The Ramones must have noticed this too, since 1984’s ‘Too Tough to Die’ juggled everything from bouncy synth-pop to 100-miles-a-minute hardcore punk. It was their best album in years. So when they returned to the studio to make ‘Animal Boy’ with producer Jean Beauvoir (who did some time in the Plasmatics), they extended their musical palette even more, expanding the sonic landscape with a shimmering sound mix rarely found on Ramones records.

‘Animal Boy,’ which celebrates its 27th anniversary today, is hit and miss – mostly miss. ‘Somebody Put Something in My Drink’ is close enough to classic Ramones to lead off the album. And the closing ‘Something to Believe In’ is the closest the band got to a universal anthem. But the undisputed highlight of the record is ‘My Brain Is Hanging Upside Down,’ which was originally released as a U.K.-only single the previous year as ‘Bonzo Goes it Bitburg,’ inspired by President Reagan’s visit to a Nazi cemetery in Germany.
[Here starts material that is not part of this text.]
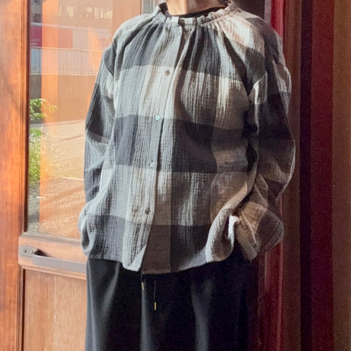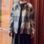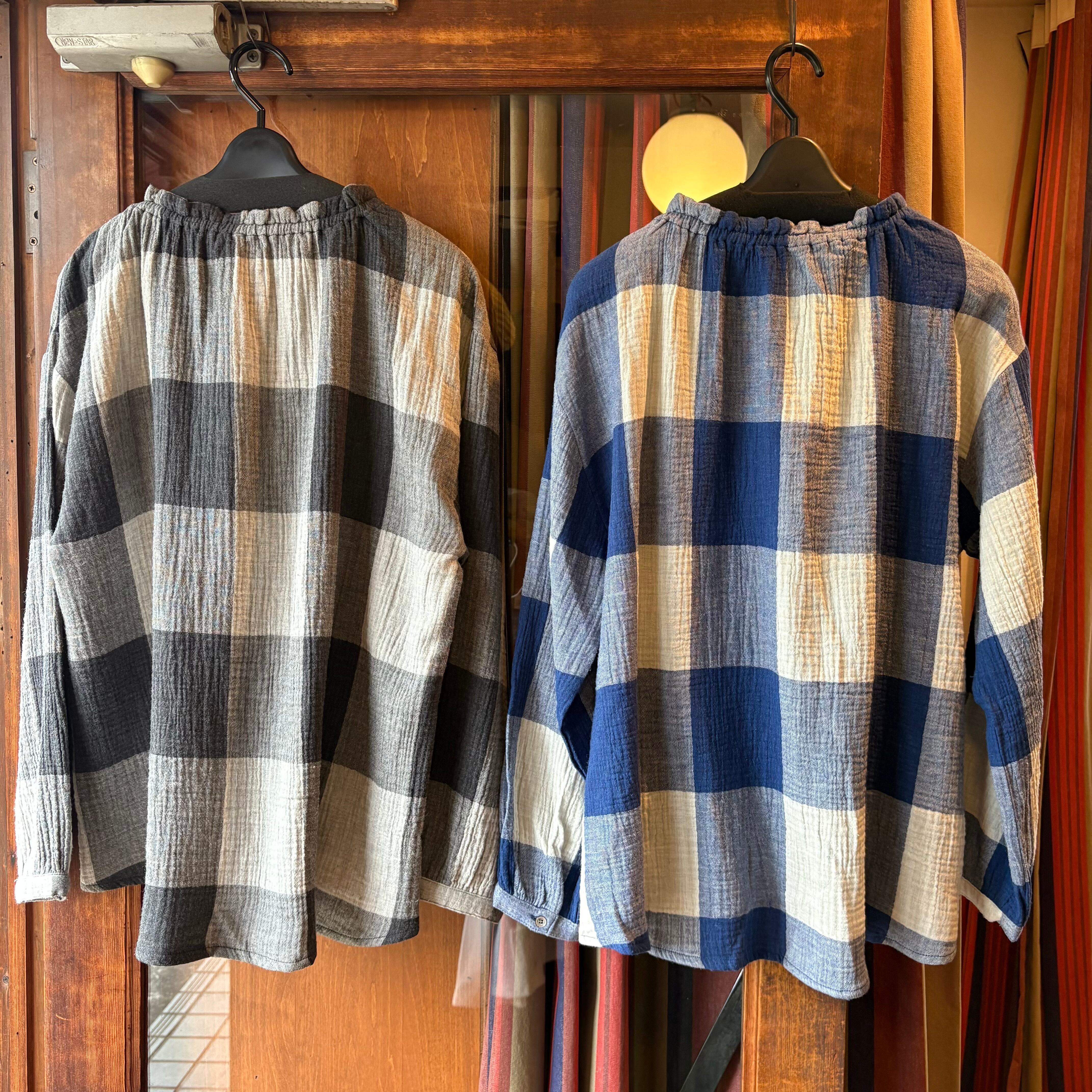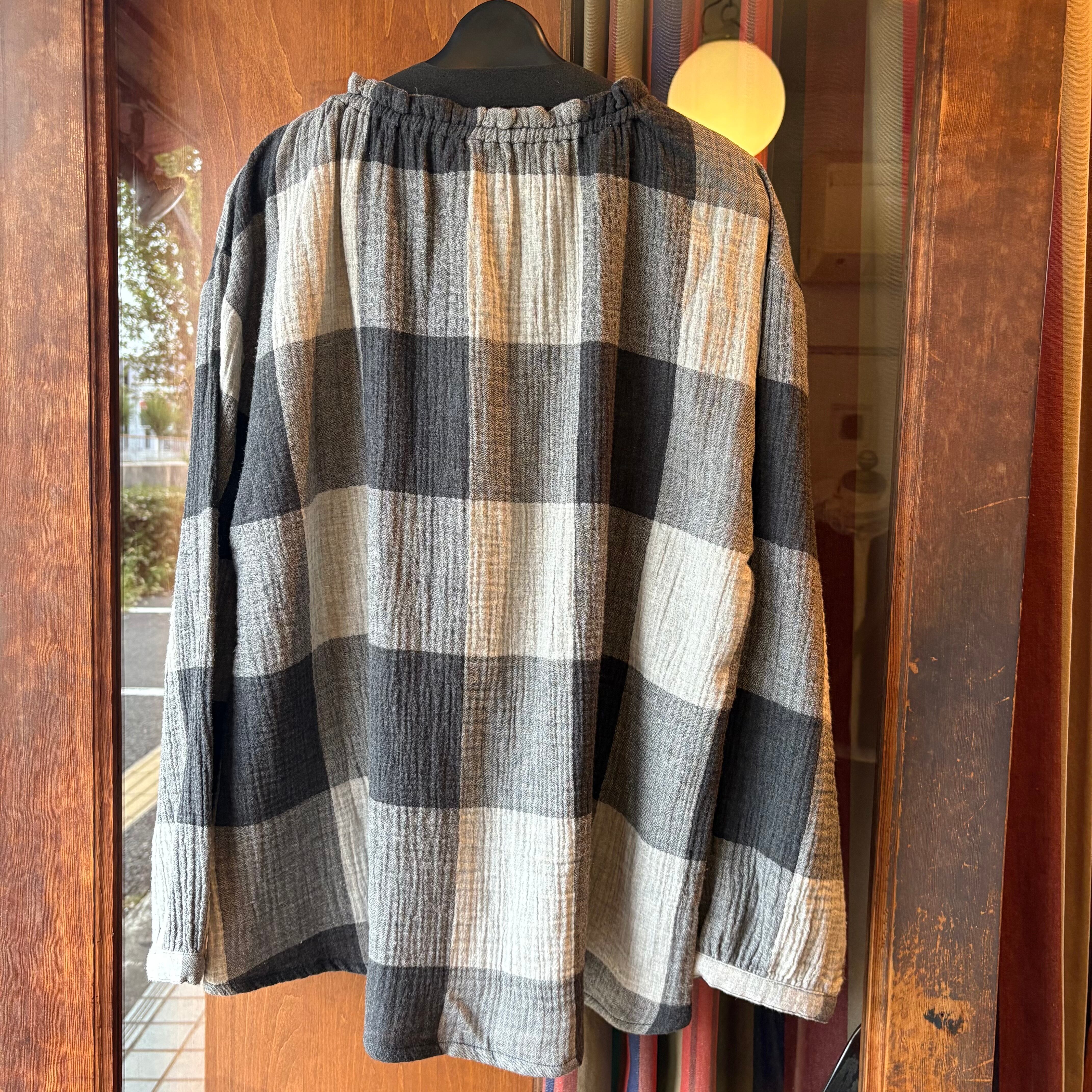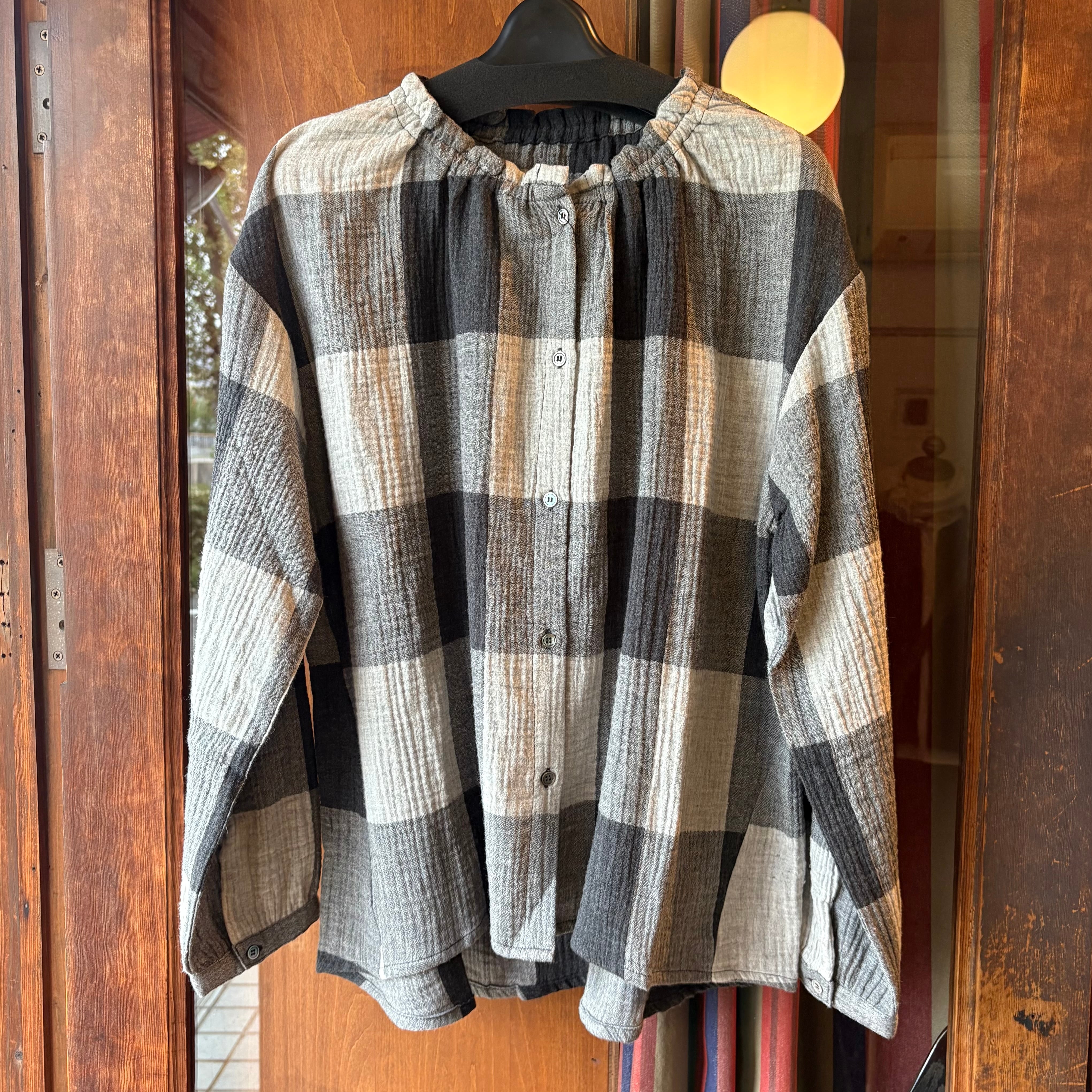 nachukaraのダブルガーゼ ギャザー衿ブラウス・グレーチェック

It’s the band’s last great song.

But it didn’t do much to bolster the album’s sales or the Ramones’ slow but steady decline. ‘Animal Boy’ made it to No. 143, pretty much average for them at this point. Without airplay – the Ramones were never pop-radio material, and ‘My Brain Is Hanging Upside Down’ was way too political for anyone at commercial stations to touch in 1986 – the album disappeared and eventually went out of print. And the next decade was filled with one lackluster record after another. But at least they had one last shot of greatness.